What Style of Infographic Should I Use?

The infographic represents another form of content in which style is hard to pin down. The question you need to ask yourself as a content creator is, “what is the message I am trying to convey with my infographic?” To help you better understand, I have created a number of fictional profiles involving different styles of presentation.

Profile #1 – The Home Security Company

The marketing department of the Acme Home Security Company decides to create an infographic detailing information about home burglaries in order to show potential customers why a home security system is important to have. Researchers set about finding the data necessary to create the infographic. With data in hand, graphic artists create an image that includes the statistics in both chart and graph formats, along with small images including a home, a burglar, etc.

This presentation is primarily factual in nature. The idea is to focus the customer’s mind on factual crime data compiled by police agencies. The data is presented in graphs and charts because such a presentation helps customers visualise the threat of crime. The smaller images of a home and burglar are used to tie the statistical data to the consumer’s personal experience as a property owner and family leader.

Profile #2 – The Designer Eyewear Dealer

Mary’s Designer Eyewear Company wants to create an infographic to encourage people to purchase designer frames over their generic counterparts. They realise the key to convincing customers is going to be less about factual data and more about visual appeal. The research department starts looking for data relating to sales of designer sunglasses, who buys them, who manufactures them, etc.

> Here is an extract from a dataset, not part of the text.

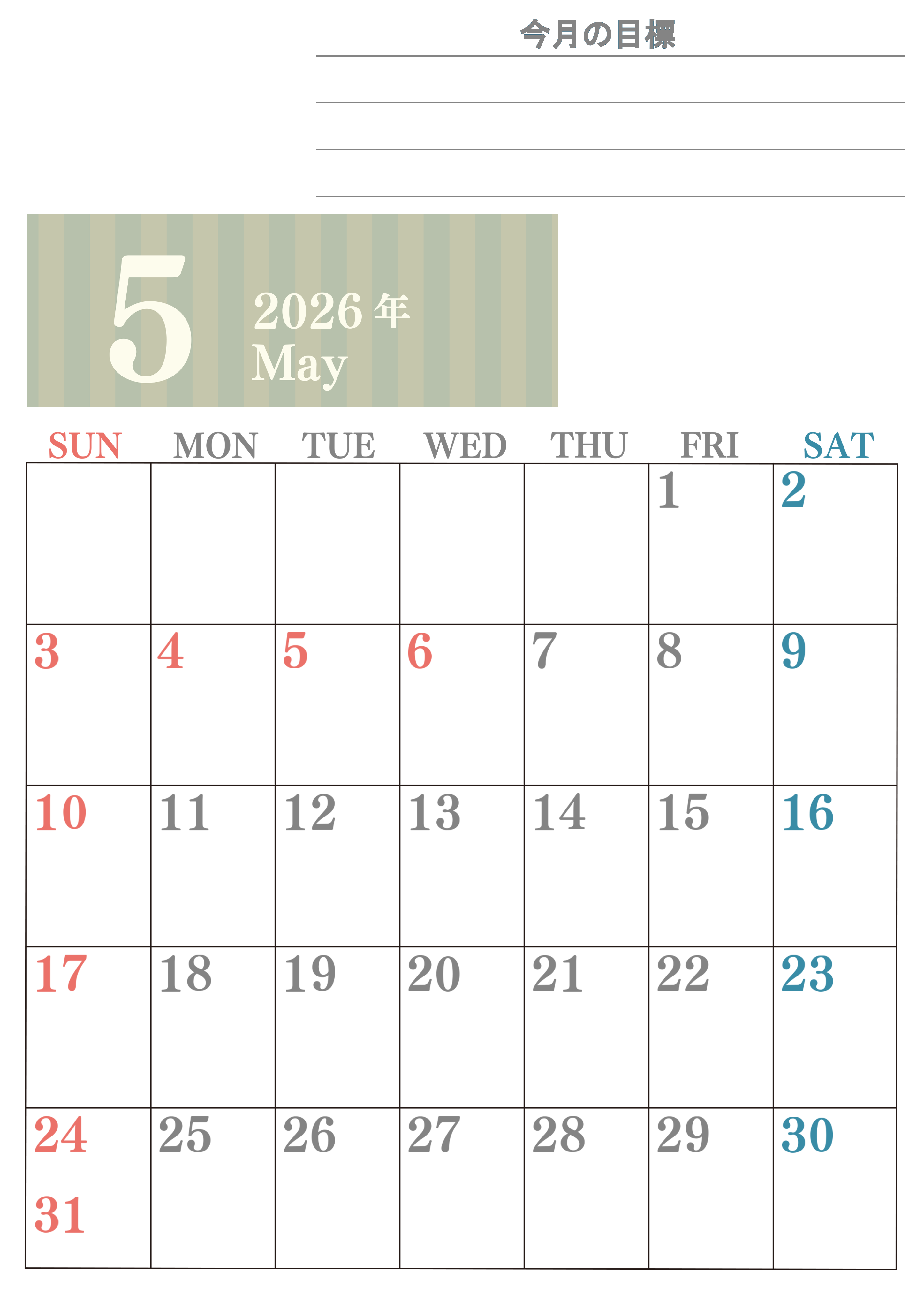 2026年・無料のカレンダーテンプレート 2026年5月カレンダーは縦型日曜始まりで季節の行事の絵文字イラストがかわいい♪ダウンロードは無料♪(2026-01540510) 素材状デザイン王 2025年4月13日 2026年5月カレンダーは縦型日曜始まりで季節の行事の絵文字イラストがかわいいです。ダウンロードは無料なので継続して使いやすいカレンダーです。(2026-01540510) 5月 縦型のカレンダー 日曜始まり 目標 カレンダーデザイン-0154

Once the data comes in, the design department begins working on an infographic of a very different nature. At the top of the infographic they place all the data in text form, utilising icons and thumbnails to provide some sort of visual interpretation of the hard facts.

The remainder of the infographic, which takes up about two-thirds of the space, is devoted to a list of the assorted styles of frames currently on the market. Each style is represented by a graphic image and some sort of humorous remark to make the consumer smile. This infographic is less formal in nature yet still equally effective.

Profile #3 – The Freight Forwarding Company

John Smith Freight Forwarding is in need of dozens of drivers to keep their lorries moving. Their marketing company recommends an infographic that lays out the steps to becoming a professional lorry driver. John Smith management agrees, and research begins into just what it takes to get a lorry licence.

When designers are finally ready to put the infographic together, they decide to represent the steps as a maths equation, specifically addition. Each of the steps represents a part of the equation. Those steps are linked with ‘plus’ signs and followed by an ‘equals’ sign and some sort of reference to a lorry licence. This graphic presentation conveys the message that adding the steps together equals earning a licence.

Along with the equation are numerous images of the things you might find in a professional driving school. There might be an image of a lorry driving down the motorway. There may be an image of the student sitting behind a desk. All the images chosen reinforce the individual steps to becoming a driver.

As you can see from these three profiles, there is no one specific style that has to be used to create infographics. The best thing about infographics is that they allow for maximum creativity. The only hard and fast rules are the following:

  • Size – Infographics have to be large enough to be seen clearly.
  • Fonts – The fonts chosen for textual information must be easily readable. The size of the text itself must also be large enough to be clearly seen.
  • Colours – The choice of colours should match the message you are trying to convey.
  • Images – Any images used to construct infographics should also match the message being conveyed.
  • Sources – Any factual information presented must be sourced by way of links or other references.

At the time of this writing, infographics were one of the hottest forms of content among online marketers. That is with good reason. Infographics have the ability to reach customers in a way that no other form of content can. This is one form of content you should definitely explore for your own use.